Martin Jan van Santen.
Martin Jan van Santen. Foto: Aangeleverd.

Kunstenaar Martin Jan van Santen zoekt de X-factor in zijn schilderijen

· leestijd 2 minuten Cultuur

(door Henk Jans)

In het SNS Historisch / Frans Walkate Archief te Kampen wordt momenteel een twaalftal geschilderde portretten geëxposeerd van Kampenaren die cultureel iets hebben betekend voor de stad. Onder anderen van Lies van Vliet (auteur), Kees Schilder (amateur historicus) Jaap van Gelderen (kerkhistoricus) en André Piederiet (wethouder). Deze zijn van de hand van kunstenaar Martin Jan van Santen.

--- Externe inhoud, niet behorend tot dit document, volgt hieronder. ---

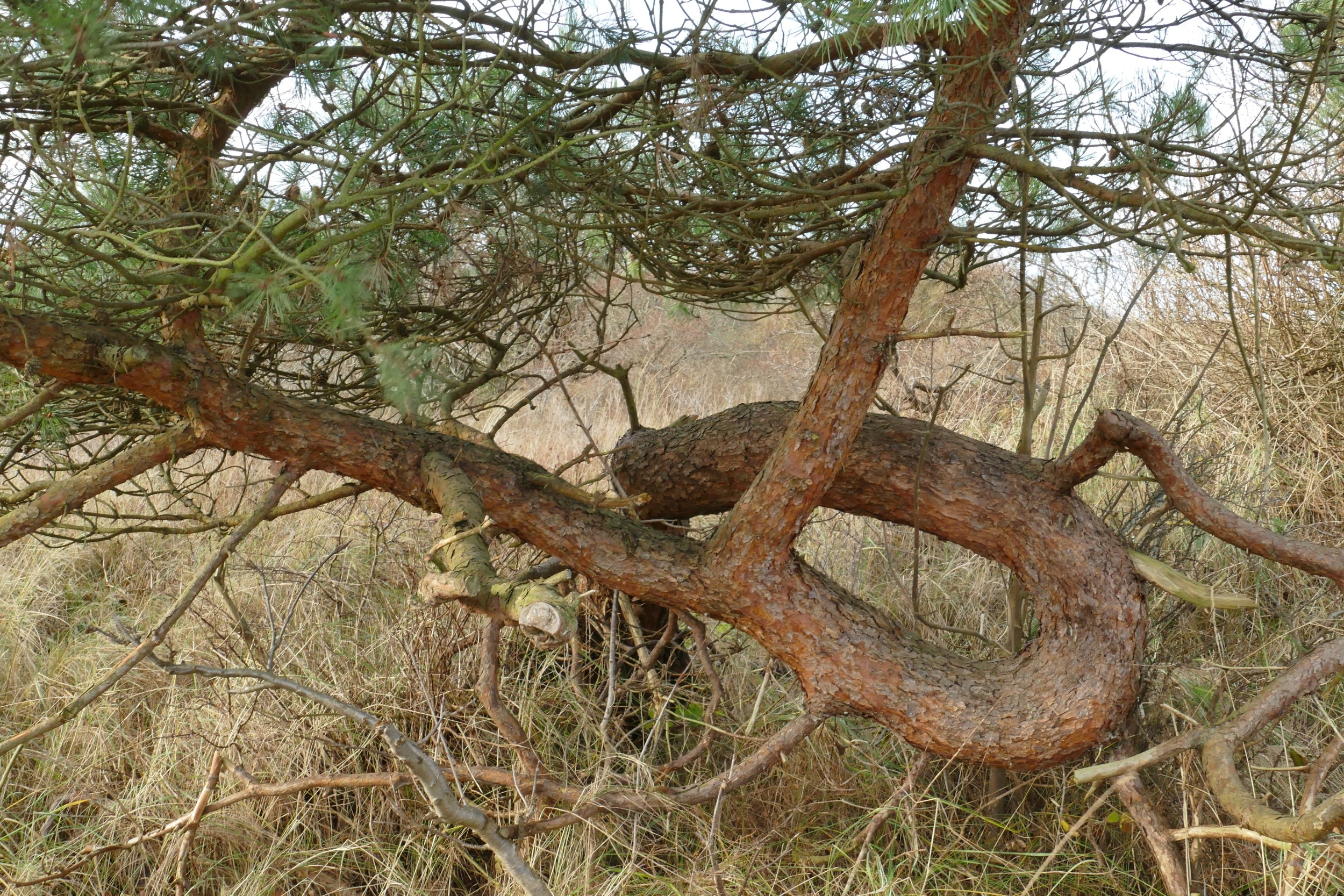 Je moet altijd een stukje over het fietspad lopen om bij het begin van de Hogeweg te komen. Hoe vaak hebben we hier al niet gelopen. Ik weet niet waar we gewoonlijk naar kijken, maar vandaag valt mijn blik op een wel bijzonder gevormd dennenboompje dat ik nog nooit eerder heb opgemerkt… Het symboliseert misschien wel de tijd waarin we leven: soms gaan de dingen anders dan anders en moet je je in allerlei bochten wringen om te overleven, maar uiteindelijk komt het goed en kun je weer verder groeien. Petje af voor dit boompje!

Vanuit zijn atelier in Kampen licht hij toe: “Ik maakte de portretten voor het archief, waarna ze ook in de Kamper Almanak werden getoond. Voormalig directeur Herman Harder gaf hiervoor de opdracht”. 

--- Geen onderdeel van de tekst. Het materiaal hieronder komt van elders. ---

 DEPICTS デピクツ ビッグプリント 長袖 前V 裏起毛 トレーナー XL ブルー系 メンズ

Martin Jan studeerde in 1992 af aan de kunstacademie te Kampen als illustrator. Hij is de maker van de succesvolle tekenfilmserie ‘The White Cowboy’ die destijds door de VPRO werd uitgezonden en nog steeds op Youtube te vinden is. Maar het bloed kroop waar het niet gaan kan en Martin Jan nam de schilderskwast ter hand. De portretten die hij daarbij onder andere maakte vielen in goede aarde, waardoor hij het steeds drukker kreeg. “Want ik maak ook vrij werk, zoals mannenfiguren, landschappen, stadsgezichten, waterpartijen en stillevens. Daarnaast krijg ik van tijd tot tijd ook opdrachten voor hoorspelen in mijn hoedanigheid als stemacteur. Ik heb daarom besloten het portretschilderen voorlopig achterwege te laten. Het wordt gewoon te druk”. De mannenfiguren schildert hij voor Galerie Thomas Fuchs in Stuttgard (Duitsland). 

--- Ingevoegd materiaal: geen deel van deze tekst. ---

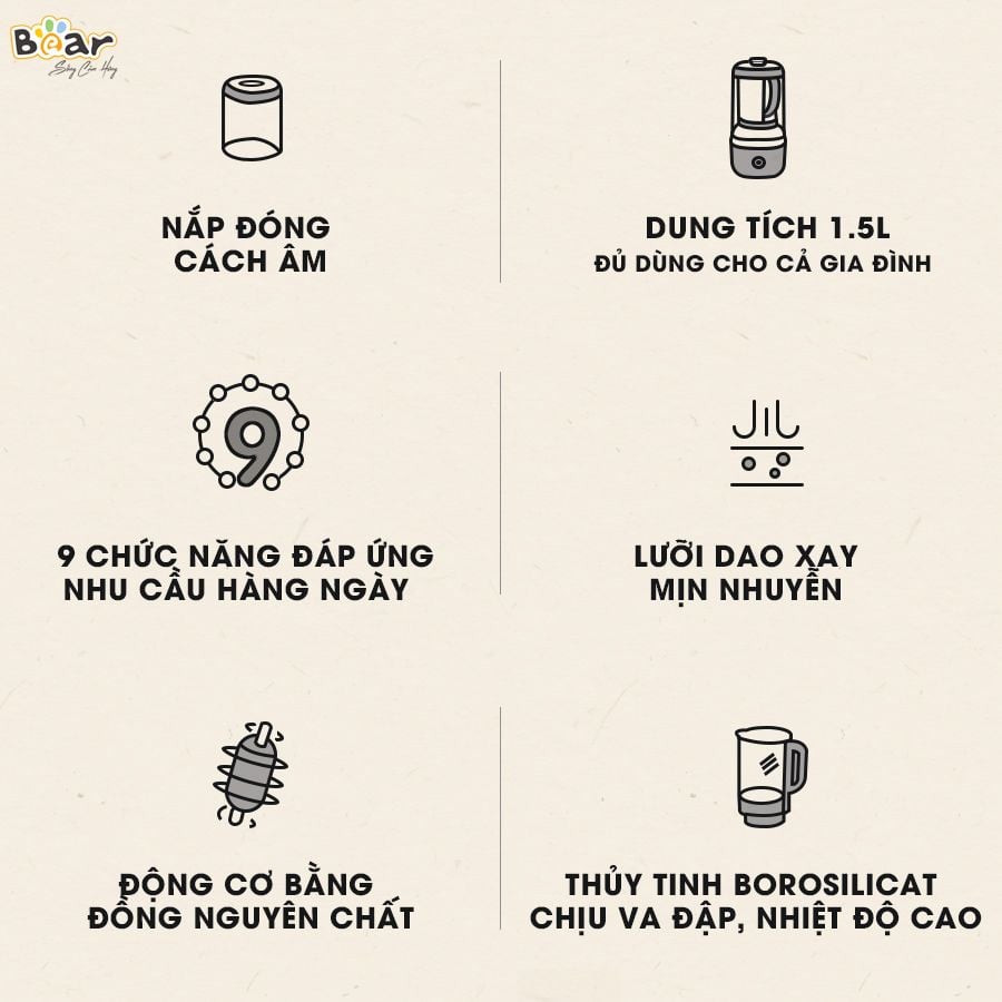 Với thiết kế đẹp mắt, chất liệu cao cấp và khả năng tùy chỉnh linh hoạt, Bear PBJ-B06S2 phù hợp cho mọi không gian bếp hiện đại - từ gia đình nhỏ đến người ăn chay, người tập gym hoặc mẹ bỉm muốn làm thực phẩm dinh dưỡng cho con. Đây không chỉ là máy xay sữa hạt thông thường mà là một thiết bị đa năng đáng đầu tư cho gian bếp tiện nghi và thông minh.

Daar is een doelgroep die erg geïnteresseerd is in deze schilderijen. “Ik schilderde ook wel eens een portretopdracht voor ze, maar zij willen dat liever niet. Ze vinden dat je als kunstenaar sneller bekend of beroemd wordt met je vrije werk dan met je portretten. Dat klopt denk ik wel, een uitzondering daar gelaten. Met een portret moet je iets in opdracht maken en daardoor ben je toch wat geremd. Bovendien wil de opdrachtgever dat het lijkt. Zo kun je er minder van jezelf in leggen”. Martin Jan legt het zichzelf ook op dat het portret gelijkend is en daarin ligt voor hem de uitdaging: want wat is het dat ‘die’ persoon tot ‘die’ persoon maakt? 

Hij kan de stijl waarin hij schildert moeilijk definiëren. “Ik heb impressionisme gehoord, maar ook expressionisme. Dat zijn in feite elkaars tegenpolen. Ik vind het belangrijk dat er een losse toets van de kwast te zien is. Van dichtbij zie je niet goed wat het voorstelt, maar als je afstand neemt valt het in elkaar. Dat lijkt denk ik nog het meest op impressionisme. Maar het is niet aan mij om dat te beoordelen. Dat moet de kijker maar bepalen”. 

Een negentiende-eeuwse schilder als Sargent vindt Martin Jan erg inspirerend. Die schildert volgens hem portretten alsof het niks is, want ze zien er zo makkelijk uit. Daar kijkt hij enorm tegenop. “Ik neig ernaar om te zeggen dat ambachtelijkheid een voorwaarde is, maar het is toch niet het belangrijkste”, legt hij uit. “Je moet kunnen kijken. Daarbij hoeft het niet persé perfect geschilderd te zijn. Om bij het portret te blijven; sommige kunstenaars schilderen die niet perfect. Het klopt technisch niet, maar je ziet wel wie het is omdat ze de essentie van iemand hebben getroffen. Het is voor mij een raadsel waar hem dat in zit. Er zijn overigens kunstenaars die een perfecte afbeelding kunnen schilderen die er niet interessant uitziet. Ze hebben het dood geschilderd”. 

Hij vindt schilderen een moeilijk vak en zegt nog steeds te leren. Bij alles wat hij maakt heeft hij dezelfde intentie als bij het schilderen van portretten, omdat hij de kern van de afbeelding zoekt. Noem het de X-factor. Zo wil hij bijvoorbeeld een houding of de lichtval weergeven, maar dan moet je die wel weten te pakken. “Daarom doe ik zo lang over een schilderij, want ik ga door tot ik het heb”.